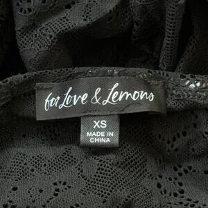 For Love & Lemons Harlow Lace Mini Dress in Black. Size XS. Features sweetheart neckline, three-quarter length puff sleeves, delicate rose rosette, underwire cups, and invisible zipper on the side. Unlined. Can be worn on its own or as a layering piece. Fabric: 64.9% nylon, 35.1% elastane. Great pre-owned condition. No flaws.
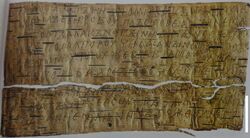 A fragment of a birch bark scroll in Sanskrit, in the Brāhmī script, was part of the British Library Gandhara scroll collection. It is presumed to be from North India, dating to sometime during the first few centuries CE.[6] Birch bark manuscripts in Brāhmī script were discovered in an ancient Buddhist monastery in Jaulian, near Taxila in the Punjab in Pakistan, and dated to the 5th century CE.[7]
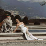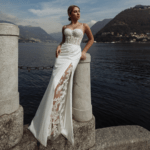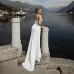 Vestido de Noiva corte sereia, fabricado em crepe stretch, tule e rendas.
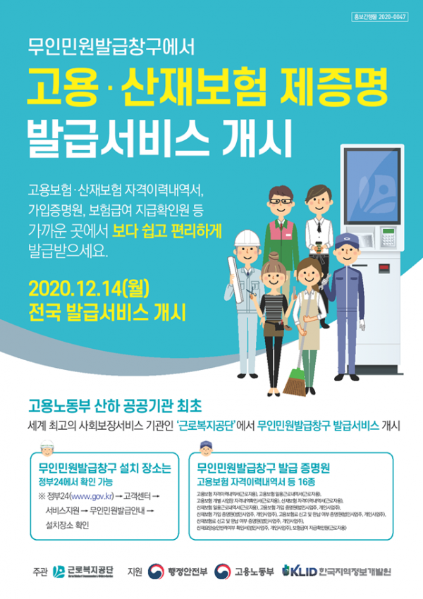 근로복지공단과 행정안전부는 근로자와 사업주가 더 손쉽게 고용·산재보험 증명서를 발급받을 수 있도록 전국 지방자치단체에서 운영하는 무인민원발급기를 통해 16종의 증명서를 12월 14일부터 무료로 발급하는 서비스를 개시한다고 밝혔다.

* * *

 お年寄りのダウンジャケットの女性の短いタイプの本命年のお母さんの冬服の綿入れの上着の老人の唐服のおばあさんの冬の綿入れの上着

---

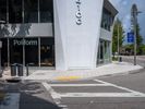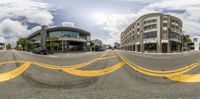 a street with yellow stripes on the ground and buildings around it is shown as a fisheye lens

#### TO DO:
Look through the listing above for the line with "Vestido de Noiva" and the line with "근로복지공단과 행정안전부는 근로자와". Write out exactly those lines and everything between, leaving out pictures.

#### RESPONSE TO THIS TASK:
 Vestido de Noiva corte sereia, fabricado em crepe stretch, tule e rendas.
 근로복지공단과 행정안전부는 근로자와 사업주가 더 손쉽게 고용·산재보험 증명서를 발급받을 수 있도록 전국 지방자치단체에서 운영하는 무인민원발급기를 통해 16종의 증명서를 12월 14일부터 무료로 발급하는 서비스를 개시한다고 밝혔다.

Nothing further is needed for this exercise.